- Born: August 22, 1928 Queens, New York City
- Died: December 25, 2005 (aged 77)
- Education: Georgetown University School of Medicine
- Occupation: physician
- Known for: Bioethics, Nephrology
- Medical career
- Institutions: Flushing Hospital Medical Center, Bronx VA Hospital,

= Nicholas J. Cifarelli =

Nicholas John Cifarelli, M.D. (August 22, 1928 – December 25, 2005) was an Italian-American physician. He is known for starting the first bioethics advisory committee in the United States.

== Early life ==
Cifarelli was born in Queens, New York, on August 22, 1928. Nicholas, at a very young age showed an appreciation for fine arts. He viewed sculpture at his uncle's foundry, Roman Bronze, Inc. Later, he furthered his education in the arts, working eight years at the Metropolitan Opera, and was privileged to see every classical ballet the opera presented. This exposure created a deep love of the classics and was his inspiration to become a sculptor, where he later incorporated the time for this interest while practicing medicine.

== Education ==
Cifarelli began as an undergraduate in 1946 at Saint Peter's College (New Jersey). He studied chemistry, was a standout pitcher on the baseball team and graduated with a Bachelor of Science degree in 1949. Soon after he attended Georgetown University School of Medicine, where he pursued a medical education. In 1954 he graduated with a medical degree.

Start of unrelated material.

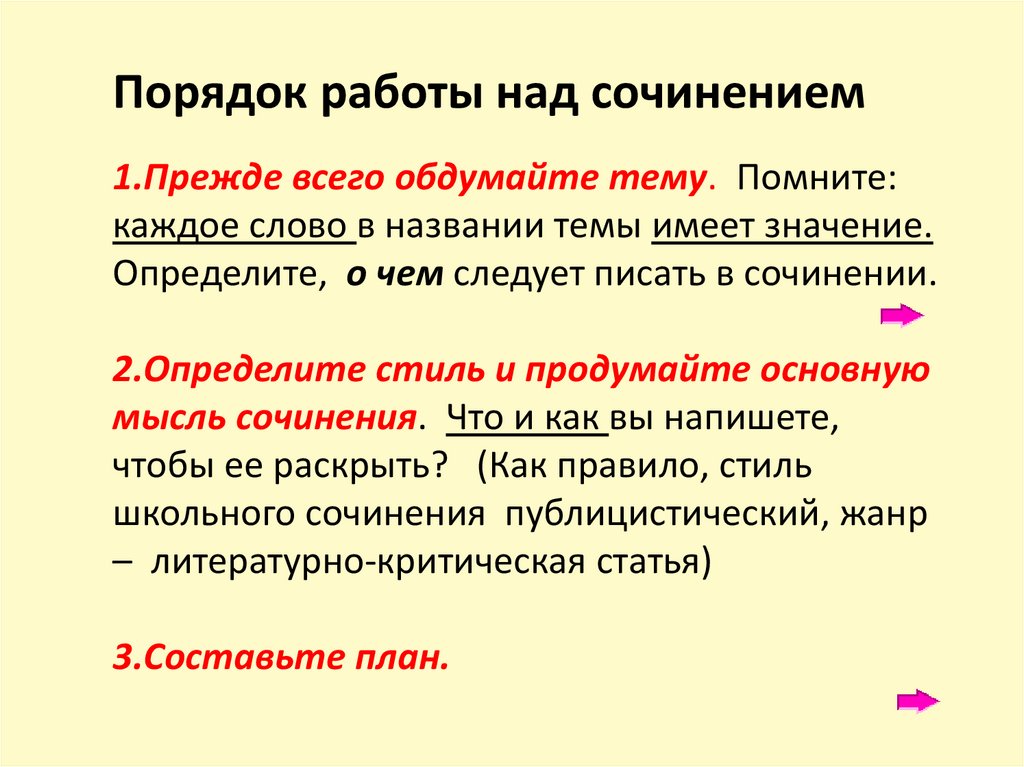Порядок работы над сочинением1.Прежде всего обдумайте тему. Помните: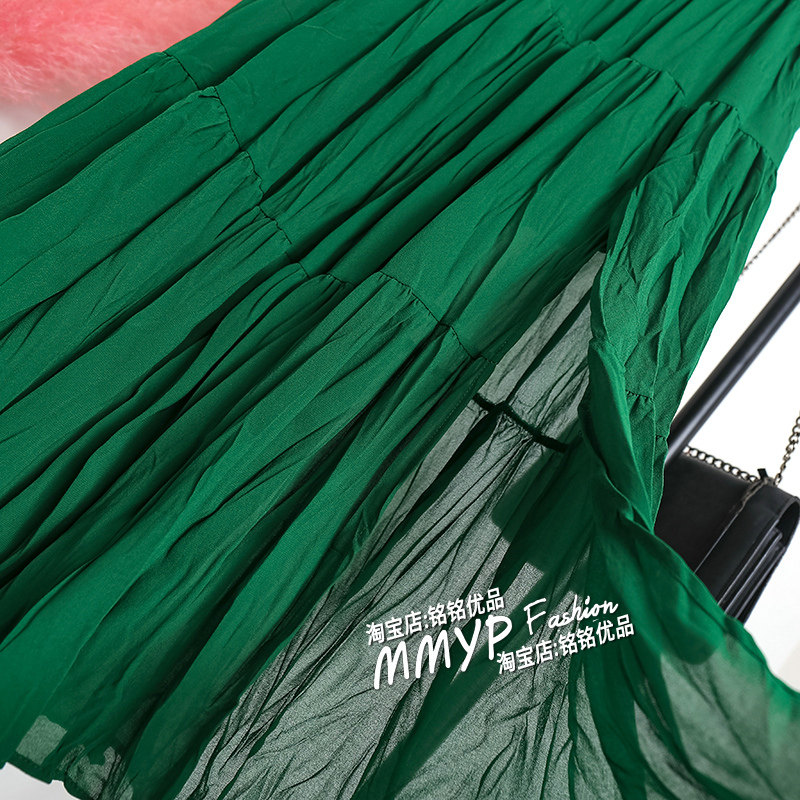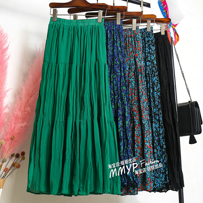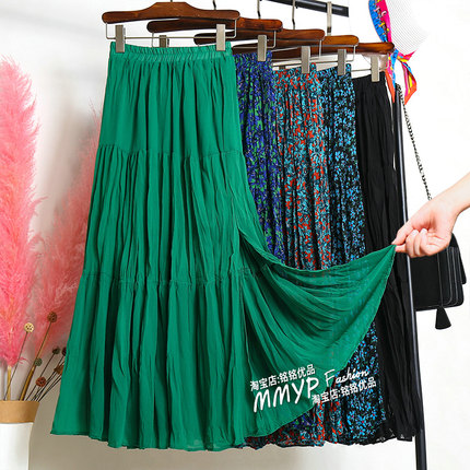 开叉绿色雪纺褶皱半身裙女夏中长款高腰百褶蛋糕半裙垂感长裙薄款

Later, Cifarelli pursued his interest in sculpture, where he studied under Professor Salvatore at Columbia University in 1964. He continued his education in this subject at Queens College in 1965. In 1971 he completed an extension course in sculpture at UCLA. He also took sculpture courses at Pasadena City College in Pasadena, California, from 1972 to 1973.

== Medical residency and naval career ==
After receiving his medical degree from Georgetown University, Cifarelli went back to Queens, New York, to start his medical internship at the Flushing Hospital Medical Center. After completing his internship he started his medical residency, choosing the specialty of internal medicine at Flushing Hospital Medical Center.

After finishing his medical residency Cifarelli joined the United States Navy as a medical officer. He was stationed in Coronado, California. After finishing his military service he relocated back to Queens to begin a medical career as a private practice physician. After he gained some experience in private practice he decided to further his medical education and began his fellowship (medicine) in nephrology (under J.E. Cimino, M.D.) at the Bronx VA Hospital, in the Bronx, New York.

== Private practice career ==
Cifarelli practiced medicine in New York City until 1968. In 1968 he moved to Los Angeles. Throughout his medical career in Los Angeles he was elected chief of staff at several different hospitals in the area. He also held numerous other positions during his career. In 1985 he was granted the title of clinical assistant professor in medicine from the University of California, Los Angeles. In 1994 the San Gabriel Valley Medical Center named the medical library in his name to show their appreciation for the dedication Cifarelli put forth throughout his career.

Cifarelli was elected a Fellow of the American College of Physicians in 1969.

He retired in 1996.

== Bioethics advisory committee ==
He became well known in 1984 when he pioneered the first bioethics advisory committee in the United States at the San Gabriel Valley Medical Center. Cifarelli maintained a "pull the plug" mentality throughout his medical career. He believed the patient and their family should not have to suffer through debilitating illnesses when there was no quality of life.

== Sculpture==
Sculpture was one of Cifarelli's passions. Cifarelli completed a lifelike sculpture of Rudolf Nureyev, the world-renowned ballet dancer; the head was presented to Nureyev at the Greek Theatre (Los Angeles). Some of Cifarelli's work has also been showcased at The Sculptors III Gallery in Palm Springs, California.

== Death ==
Cifarelli died Christmas Day, 2005, after battling an illness. At the time of his diagnosis he stated that he did not want to be put on life support, which reflected the views that he stressed during his career. Previous to his death he resided in San Marino, California, with his family.